== Segment start ==

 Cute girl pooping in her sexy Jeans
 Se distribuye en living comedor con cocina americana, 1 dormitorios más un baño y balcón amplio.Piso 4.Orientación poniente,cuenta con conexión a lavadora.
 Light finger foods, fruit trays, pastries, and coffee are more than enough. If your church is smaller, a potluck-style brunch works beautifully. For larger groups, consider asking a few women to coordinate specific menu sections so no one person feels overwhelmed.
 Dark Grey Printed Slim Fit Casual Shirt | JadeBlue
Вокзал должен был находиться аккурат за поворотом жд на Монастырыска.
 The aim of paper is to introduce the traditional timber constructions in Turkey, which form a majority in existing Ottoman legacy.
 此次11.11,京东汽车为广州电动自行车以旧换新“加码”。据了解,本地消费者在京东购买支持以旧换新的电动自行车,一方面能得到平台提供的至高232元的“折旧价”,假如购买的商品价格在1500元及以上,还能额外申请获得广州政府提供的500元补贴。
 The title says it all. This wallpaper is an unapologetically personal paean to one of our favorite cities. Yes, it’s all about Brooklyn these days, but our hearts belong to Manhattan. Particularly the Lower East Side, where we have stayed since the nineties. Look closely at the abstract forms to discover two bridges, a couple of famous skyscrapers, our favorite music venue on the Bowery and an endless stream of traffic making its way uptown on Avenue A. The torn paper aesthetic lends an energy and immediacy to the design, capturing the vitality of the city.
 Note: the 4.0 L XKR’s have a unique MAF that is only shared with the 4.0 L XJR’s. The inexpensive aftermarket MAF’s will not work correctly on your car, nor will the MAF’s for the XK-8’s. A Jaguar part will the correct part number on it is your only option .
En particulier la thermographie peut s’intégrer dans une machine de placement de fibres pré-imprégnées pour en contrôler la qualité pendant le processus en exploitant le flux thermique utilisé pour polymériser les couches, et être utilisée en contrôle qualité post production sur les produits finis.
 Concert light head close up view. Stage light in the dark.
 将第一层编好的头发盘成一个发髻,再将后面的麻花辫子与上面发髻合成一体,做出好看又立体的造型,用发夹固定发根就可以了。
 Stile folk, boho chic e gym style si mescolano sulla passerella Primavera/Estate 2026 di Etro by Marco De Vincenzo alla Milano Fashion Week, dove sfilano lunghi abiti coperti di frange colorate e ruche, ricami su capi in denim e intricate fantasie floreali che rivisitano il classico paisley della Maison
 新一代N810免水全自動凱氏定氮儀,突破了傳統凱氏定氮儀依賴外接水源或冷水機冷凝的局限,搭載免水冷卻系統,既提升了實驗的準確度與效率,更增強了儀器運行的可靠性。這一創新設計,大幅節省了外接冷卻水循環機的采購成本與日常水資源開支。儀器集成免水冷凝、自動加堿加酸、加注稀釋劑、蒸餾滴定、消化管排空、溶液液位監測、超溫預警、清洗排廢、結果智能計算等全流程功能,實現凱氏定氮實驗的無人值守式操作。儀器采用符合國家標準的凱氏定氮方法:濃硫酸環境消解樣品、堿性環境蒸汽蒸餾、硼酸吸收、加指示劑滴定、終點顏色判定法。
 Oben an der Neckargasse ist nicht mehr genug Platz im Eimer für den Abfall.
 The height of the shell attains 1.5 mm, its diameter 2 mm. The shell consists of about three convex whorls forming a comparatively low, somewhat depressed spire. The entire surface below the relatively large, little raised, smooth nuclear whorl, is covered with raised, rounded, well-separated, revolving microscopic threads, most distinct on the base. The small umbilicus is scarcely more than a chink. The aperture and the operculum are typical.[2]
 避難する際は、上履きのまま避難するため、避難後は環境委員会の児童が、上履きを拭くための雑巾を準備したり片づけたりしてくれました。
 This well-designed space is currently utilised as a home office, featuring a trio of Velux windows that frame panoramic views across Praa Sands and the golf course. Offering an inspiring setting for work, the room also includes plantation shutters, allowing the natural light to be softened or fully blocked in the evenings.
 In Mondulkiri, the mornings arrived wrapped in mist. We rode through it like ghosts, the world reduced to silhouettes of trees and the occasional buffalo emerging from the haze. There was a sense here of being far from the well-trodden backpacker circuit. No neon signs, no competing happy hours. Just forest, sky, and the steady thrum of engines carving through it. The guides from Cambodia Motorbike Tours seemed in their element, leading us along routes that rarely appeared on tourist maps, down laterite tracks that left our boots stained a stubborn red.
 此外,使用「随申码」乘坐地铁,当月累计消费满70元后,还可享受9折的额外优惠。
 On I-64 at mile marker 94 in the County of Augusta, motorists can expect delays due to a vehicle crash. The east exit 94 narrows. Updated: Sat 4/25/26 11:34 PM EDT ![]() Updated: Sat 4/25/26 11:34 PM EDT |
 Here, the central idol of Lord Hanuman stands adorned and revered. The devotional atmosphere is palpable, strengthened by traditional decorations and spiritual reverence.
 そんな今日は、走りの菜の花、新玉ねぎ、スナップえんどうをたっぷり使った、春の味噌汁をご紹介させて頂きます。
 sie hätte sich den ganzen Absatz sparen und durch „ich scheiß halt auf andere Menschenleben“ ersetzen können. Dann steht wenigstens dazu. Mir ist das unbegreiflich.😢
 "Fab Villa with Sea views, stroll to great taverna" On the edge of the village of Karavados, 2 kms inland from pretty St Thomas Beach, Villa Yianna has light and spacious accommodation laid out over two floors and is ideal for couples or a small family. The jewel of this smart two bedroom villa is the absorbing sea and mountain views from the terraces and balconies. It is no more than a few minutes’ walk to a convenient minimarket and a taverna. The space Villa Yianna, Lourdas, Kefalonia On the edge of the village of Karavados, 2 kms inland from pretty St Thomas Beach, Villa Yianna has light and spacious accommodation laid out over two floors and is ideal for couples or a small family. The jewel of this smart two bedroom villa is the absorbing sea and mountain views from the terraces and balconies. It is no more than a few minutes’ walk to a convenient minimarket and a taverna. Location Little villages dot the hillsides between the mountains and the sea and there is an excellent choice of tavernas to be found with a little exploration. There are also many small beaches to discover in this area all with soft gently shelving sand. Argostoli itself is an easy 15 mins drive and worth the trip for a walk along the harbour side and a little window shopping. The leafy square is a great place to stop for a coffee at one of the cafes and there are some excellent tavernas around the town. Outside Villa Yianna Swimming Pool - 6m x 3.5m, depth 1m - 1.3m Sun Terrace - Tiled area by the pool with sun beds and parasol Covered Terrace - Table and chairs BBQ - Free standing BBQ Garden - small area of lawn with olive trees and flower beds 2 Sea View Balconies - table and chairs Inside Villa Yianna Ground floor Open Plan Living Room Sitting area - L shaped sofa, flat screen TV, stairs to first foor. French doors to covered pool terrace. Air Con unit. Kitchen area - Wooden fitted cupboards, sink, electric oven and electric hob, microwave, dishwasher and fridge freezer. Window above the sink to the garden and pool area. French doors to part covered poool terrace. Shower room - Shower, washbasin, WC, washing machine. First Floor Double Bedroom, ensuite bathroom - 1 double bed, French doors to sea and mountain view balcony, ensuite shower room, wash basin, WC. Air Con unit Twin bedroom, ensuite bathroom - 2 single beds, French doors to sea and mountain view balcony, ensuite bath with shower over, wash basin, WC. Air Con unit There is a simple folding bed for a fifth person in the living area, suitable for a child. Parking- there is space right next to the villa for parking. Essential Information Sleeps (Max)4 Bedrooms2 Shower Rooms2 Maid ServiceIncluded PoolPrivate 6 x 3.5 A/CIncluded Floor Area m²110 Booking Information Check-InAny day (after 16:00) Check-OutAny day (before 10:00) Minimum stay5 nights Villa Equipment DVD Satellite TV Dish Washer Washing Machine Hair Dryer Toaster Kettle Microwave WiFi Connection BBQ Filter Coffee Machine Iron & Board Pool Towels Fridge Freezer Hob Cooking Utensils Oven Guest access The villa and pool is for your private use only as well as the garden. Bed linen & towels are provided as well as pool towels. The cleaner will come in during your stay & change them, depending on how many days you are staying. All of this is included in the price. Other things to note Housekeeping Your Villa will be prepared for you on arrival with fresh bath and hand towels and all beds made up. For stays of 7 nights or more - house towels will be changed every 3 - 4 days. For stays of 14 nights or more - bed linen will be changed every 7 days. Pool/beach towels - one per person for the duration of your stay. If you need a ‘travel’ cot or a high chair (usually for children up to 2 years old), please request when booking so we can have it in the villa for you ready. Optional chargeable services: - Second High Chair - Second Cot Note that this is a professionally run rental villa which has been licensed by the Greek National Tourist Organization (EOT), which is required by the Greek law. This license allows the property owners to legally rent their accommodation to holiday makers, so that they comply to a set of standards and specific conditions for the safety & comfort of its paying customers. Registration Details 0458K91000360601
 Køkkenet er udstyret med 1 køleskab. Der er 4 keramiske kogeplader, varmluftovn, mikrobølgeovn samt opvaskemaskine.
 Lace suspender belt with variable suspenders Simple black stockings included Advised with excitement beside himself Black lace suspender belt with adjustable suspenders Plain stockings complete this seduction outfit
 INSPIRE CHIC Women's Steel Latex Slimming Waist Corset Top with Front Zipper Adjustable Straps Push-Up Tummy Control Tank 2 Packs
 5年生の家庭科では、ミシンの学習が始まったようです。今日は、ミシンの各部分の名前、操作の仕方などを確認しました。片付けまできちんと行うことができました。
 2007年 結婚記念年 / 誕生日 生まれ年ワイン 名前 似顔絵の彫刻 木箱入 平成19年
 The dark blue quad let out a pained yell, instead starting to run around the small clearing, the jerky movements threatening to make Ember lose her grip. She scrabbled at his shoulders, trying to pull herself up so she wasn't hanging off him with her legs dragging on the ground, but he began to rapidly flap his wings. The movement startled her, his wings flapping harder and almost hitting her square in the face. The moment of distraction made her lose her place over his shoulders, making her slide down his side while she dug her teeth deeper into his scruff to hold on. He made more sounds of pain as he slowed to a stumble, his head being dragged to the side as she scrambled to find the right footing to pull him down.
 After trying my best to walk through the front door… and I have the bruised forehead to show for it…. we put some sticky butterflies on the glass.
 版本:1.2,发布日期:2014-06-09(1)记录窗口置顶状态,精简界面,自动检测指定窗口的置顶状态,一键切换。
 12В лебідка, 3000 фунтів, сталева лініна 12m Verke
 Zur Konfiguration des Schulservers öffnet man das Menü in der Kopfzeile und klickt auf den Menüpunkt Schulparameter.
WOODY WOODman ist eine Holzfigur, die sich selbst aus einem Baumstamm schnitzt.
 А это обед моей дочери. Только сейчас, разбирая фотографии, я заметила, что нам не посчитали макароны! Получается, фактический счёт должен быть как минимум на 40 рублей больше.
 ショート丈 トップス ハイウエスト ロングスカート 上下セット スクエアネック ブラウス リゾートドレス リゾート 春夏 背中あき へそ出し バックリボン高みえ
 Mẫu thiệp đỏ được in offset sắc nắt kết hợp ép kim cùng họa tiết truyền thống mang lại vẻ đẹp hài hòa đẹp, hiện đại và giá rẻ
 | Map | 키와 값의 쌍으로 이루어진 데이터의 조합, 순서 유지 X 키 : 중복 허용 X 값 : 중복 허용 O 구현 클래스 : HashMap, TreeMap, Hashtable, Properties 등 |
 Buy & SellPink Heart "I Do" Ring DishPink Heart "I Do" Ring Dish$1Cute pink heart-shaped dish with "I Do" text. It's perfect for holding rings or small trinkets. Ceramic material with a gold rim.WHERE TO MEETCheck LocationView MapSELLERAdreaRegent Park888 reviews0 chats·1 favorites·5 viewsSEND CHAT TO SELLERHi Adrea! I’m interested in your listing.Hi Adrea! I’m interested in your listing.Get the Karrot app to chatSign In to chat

== Segment end ==

- [What the task requires]: Each line of the entries holding the string "должен" should be found and copied.

- [The completed task]:
Вокзал должен был находиться аккурат за поворотом жд на Монастырыска.
 А это обед моей дочери. Только сейчас, разбирая фотографии, я заметила, что нам не посчитали макароны! Получается, фактический счёт должен быть как минимум на 40 рублей больше.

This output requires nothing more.